Most “independents” are not, alas, wild-eyed folks on the green left and black right (people who take their politics so seriously they will not water them down for the sake of irrelevant things such as winning elections), but are instead the squishy, largely non-political folks who inhabit the center and say silly things like, “Why can’t we have more bipartisanship?” or “I like Colin Powell.”  When you want to find real “moderates,” don’t go looking for Joementum or John “What Torture? I Don’t See Any Torture Here!” McCain, who are the heroes of the establishment’s definition of moderation (where “moderation” equals unflinching support for all major establishment projects).  Instead take a look at people who will be scared out of their minds–not necessarily for any particular reason–at the prospect of someone privatising (gasp!) Social Security.  They are not frightened of this because they know anything about what privatisation of Social Security would entail, since they almost certainly do not know anything; “partial privatisation” would also mean nothing to them.  They are frightened of this because it is a strange, dramatic change in the way the government works and people in the “center” are far more of the stick-in-the-mud kind of temperamental conservatives than most people who self-apply the label of conservative.  These people do not oppose change for philosophical reasons, but simply because they have no idea what the change might do.  This makes them nervous, and they don’t like being nervous. 

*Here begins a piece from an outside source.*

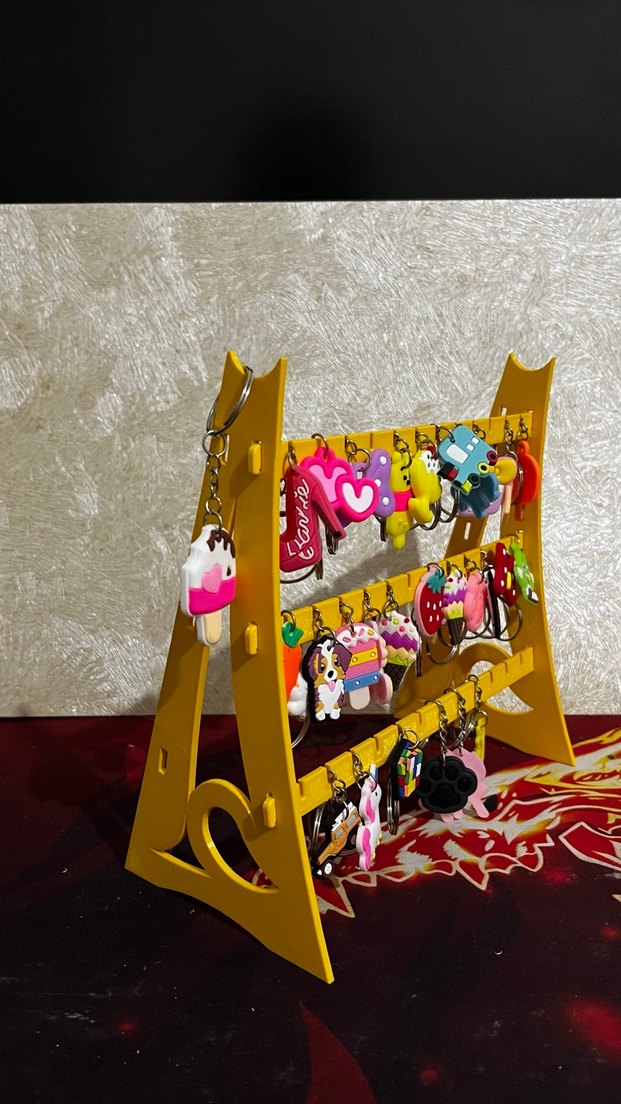Çift taraflı anahtarlık veya küpe sergileme aparatı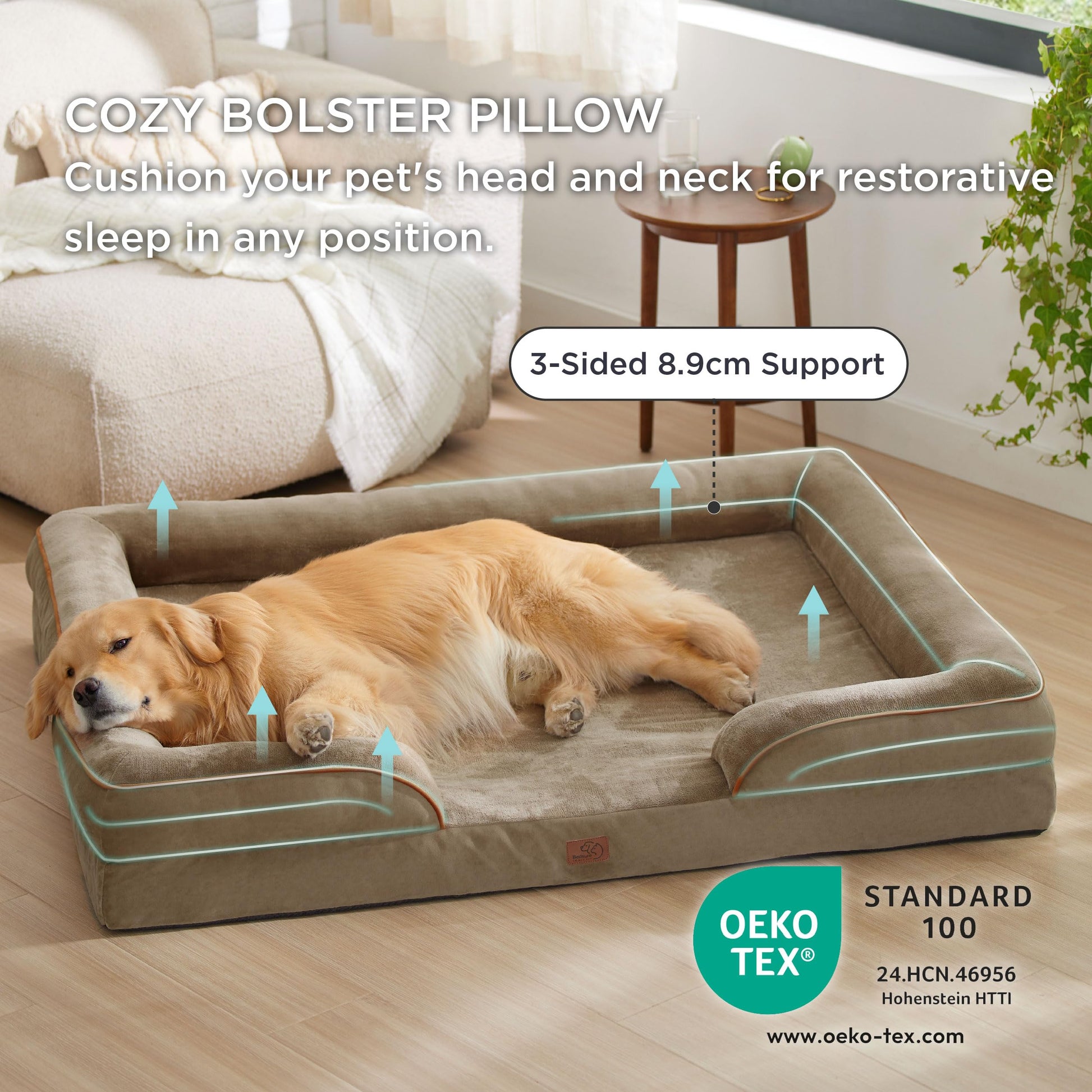 Bedsure Sofá Perro Ortopédica Extra Grande - Cama Perro Viscoelastica y Lavable, Colchon Perro con Funda Desenfundable y Forro Impermeable, Marrón Claro, XXL

For the “moderates,” whether something is broken in government or not no one should touch or change anything too dramatically or suddenly.  They love to hear the words “reform” and “consensus” and they really love rhetoric that hits the empowerment theme–Bubba was a master in manipulating these people with this kind of talk–but when it comes time to do the actual reforming, they don’t want anyone to be too hasty.  In fact, they would prefer that no one do much of anything very drastic at all, but they will always be the first to complain that the government “hasn’t done anything” about this or that.    

Because these people often hold the balance of power in contested districts, the fate of elections often turns on whether poorly informed, easily scared “moderates” will be stampeded into one party’s corral or into the other’s.  To do this, all it takes is to suggest that your opponent is some crazy radical who wants to start abolishing things, and if he wanted to abolish Social Security, he must want to make you insecure, and there is nothing that “moderates” value more than having their sense of security reinforced. 

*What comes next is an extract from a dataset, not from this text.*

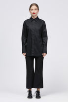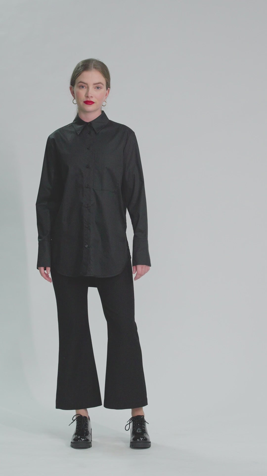 The Witam Shirt is an oversized-fit, classic button-up style. This style offers a breast patch pocket and horizontal back seam detail. Made in a Tencel/Cotton blend.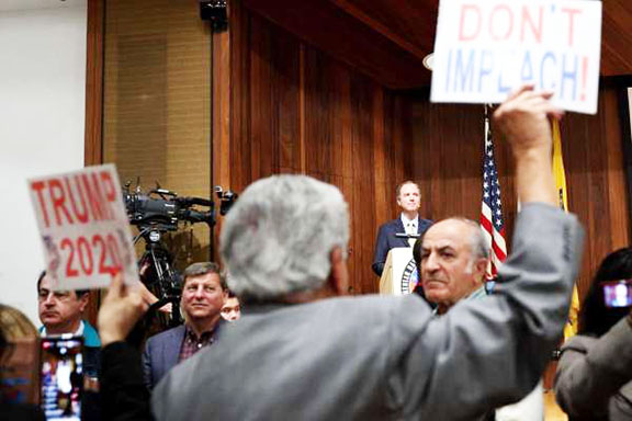 It wasn’t until it was pointed out that the demonstrators’ outburst and misplaced protests were disrespecting the memory of 1.5 million victims of the Genocide and its survivors that they calmed down, with some leaving the auditorium and others sticking around for the remainder of the now reconfigured program, adamantly waving their anti-impeachment and pro-Trump signs and banners.

This is why terrorism worked well as an issue for the Red Republicans for four years and why the so-called “security moms” rallied to their side, and it is also why the “moderates” will start rushing in the opposite direction when GOP candidates and the GOP majority no longer fill them with confidence and make them think that they are becoming less secure.  Whether income inequality, Iraq, immigration or specific attacks on policy questions like this one foster that feeling of insecurity, the Republicans now stand to lose on the basis of the same largely irrational response of “moderates” that brought them victory in the past two elections.